Let’s start with an example:

using EcologicalNetwork
using StatPlots

N = convert(BinaryNetwork, web_of_life("M_PL_001"))

I like to think of a modularity analysis as having two parts: first, we generate an initial assignment of species to modules. It doesn’t need to be very good. We can for example use a specified number of random modules:

_, m = n_random_modules(10)(N)
m
Dict{String,Int64} with 185 entries:
  "Anarthrophyllum cumingii"   => 3
  "Unidentified sp4 M_PL_001"  => 2
  "Megachile semirufa"         => 9
  "Mesonychium gayi"           => 1
  "Calceolaria arac"           => 1
  "Chaetodemoticus chilensis"  => 10
  "Panur sp1 M_PL_001"         => 8
  "Mustisia sinuata"           => 8
  "Hypsochila wagenknechti"    => 3
  "Unidentified sp16 M_PL_001" => 2
  "Megachile sp2 M_PL_001"     => 2
  "Lupinus microcarpus"        => 7
  "Salpiglossus sp1 M_PL_001"  => 6
  "Unidentified sp5 M_PL_001"  => 10
  "Leucocoryne pauciflora"     => 7
  "Tapinotaspis caerulea"      => 7
  "Spathipalpus philippii"     => 8
  "Mustisia acerosa"           => 2
  "Quinchamalium chilensis"    => 8
  ⋮                            => ⋮

The _, m syntax I use here is not very pretty, and it’s because the modularity functions return the network and its partition. But in this situation, we can get rid of the network. We can measure the overall modular value of this partition (i.e. the assignment of species to modules), and it should be fairly low:

Q(N,m)

-0.0006445622731562846

We need to refine this, and this is the second step of the analysis. One efficient method for bipartite networks is BRIM:

_, m2 = brim(N,m)

We can check that this actually improved the modular structure:

Q(N,m2)

0.46314868670436843

So, done?

Not quite. The initial assignment was random, and the refining step is therefore constrained by it. Some initial assignment schemes also have a random component to them (label propagation, for example), so it makes sense to run them a lot, until we are satisfied that we have identified the maximally modular structure.
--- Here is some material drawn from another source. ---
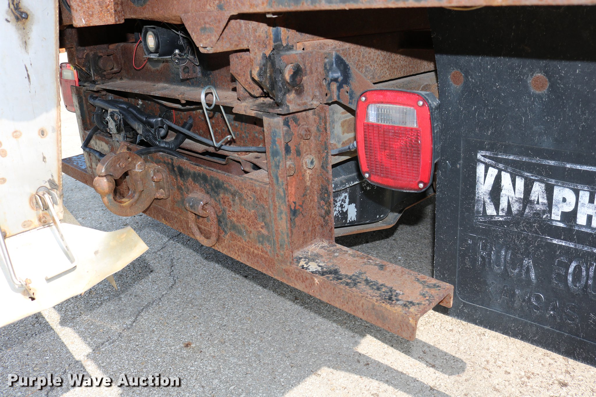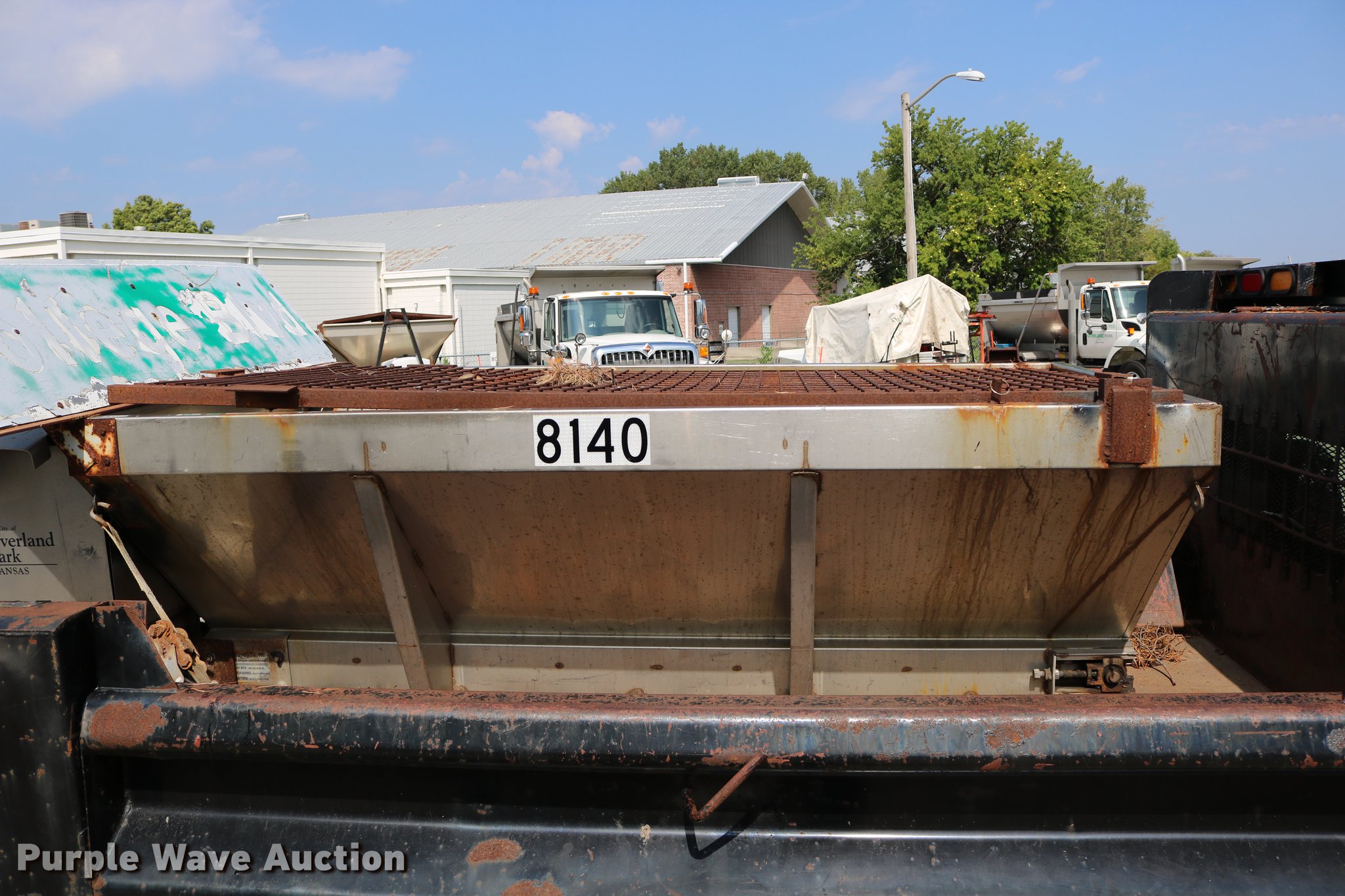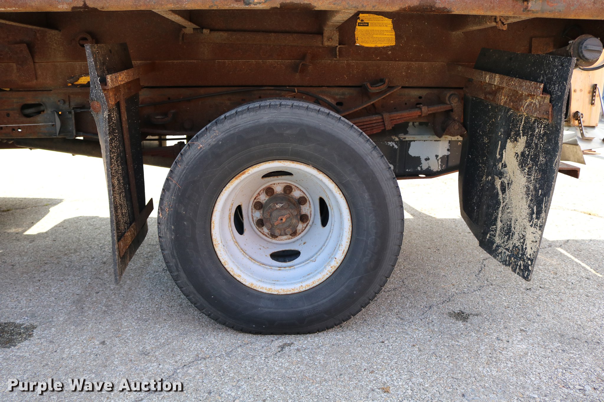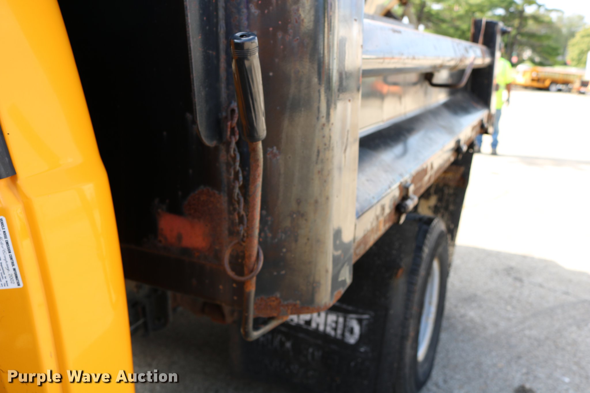2002 Ford F350 Super Duty dump bed pickup truck. 64,735 miles on odometer, 7.3L V8 OHV 16V turbo diesel engine, Automatic transmission, Four wheel drive, AC and heat, AM/FM/cassette, Brake controller, Heil steel dump bed 9'L x 95 1/4"W, 14" side height, D-ring tie downs, Electric over hydraulic dump, Single ram hoist, Manual end gate, Minute Mount plow 8'W, 2" bolt-on extension, Air-Flo PSV-8E-SS spreader Serial 16462, Unit# 025348, Single fuel tank, Pintle hitch, Trailer wiring, Spring suspension, Hydraulic brakes, 141" wheelbase, 235/85R16 tires, GVWR 12,500 lbs, FAWR 5,200 lbs, RAWR 9,750 lbs, Unit# 8140. Kansas title. Seller is a government entity who will be assigning and distributing the title. Please contact the seller for distribution questions. 1FDWF37FX2EC15231. City of Overland Park. 11300 W 91st St. Overland Park, KS 66214

One popular approach is to start with a varying number of random modules, and then look at the output. For example, we can pick between 1 and 50 initial modules, and generate 500 random starting partitions, then refine these with BRIM.

random_modules = rand(1:50, 500)
partitions = [brim(n_random_modules(n)(N)...) for n in random_modules]

We can have a look at the distribution of overall modularity values:

histogram(map(p -> Q.(p...), partitions), c=:lightgrey, lc=:grey, bins=50, frame=:box, leg=false)
xaxis!((0,1), "Modularity")
yaxis!((0,100))

The most modular partition would be at the right end of this distribution. We can also check the relationship between number of modules and modularity:

nmod = map(p -> length(unique(collect(values(p[2])))), partitions)
qmod = map(p -> Q.(p...), partitions)
scatter(nmod, qmod, frame=:box, c=:grey, msw=0, alpha=0.4, leg=false)
xaxis!((0,50), "Number of modules")
yaxis!((0,1), "Modularity")

This is a good diagnostic plot: in this situation, it shows that partitions with 10 to 40 modules have approximately the same modularity. Picking the “very best” one may require to bump up the number of simulations!

Let’s look at the very best:

best_idx = filter(i -> qmod[i] == maximum(qmod), eachindex(qmod))
nmod[best_idx]
1-element Array{Int64,1}:
 24

For this particular network, the best partition has 24 modules. But have a look the plot again: this result is difficult to trust, because there are a large number of possible configurations and number of modules that give very similar (high) modularity values. In fact, in the process of writing this post, I got different values every time (it eventually converged when I bumped the number of replicates to 50000, and I of course forgot to save this result).


To summarize:

Detecting the modular structure can be decomposed in three steps. First, we generate a random assingment using either random modules, or a heuristic like LP. Second, we optimize this assignment using a method like BRIM (there are others, but in my experience, BRIM works extremely well for ecology-sized networks). Finally, we compare many runs of this process, and pick the partition which maximizes modularity. If the maximal modularity and number of modules varies in subsequent runs, then the number of replicates used is not high enough.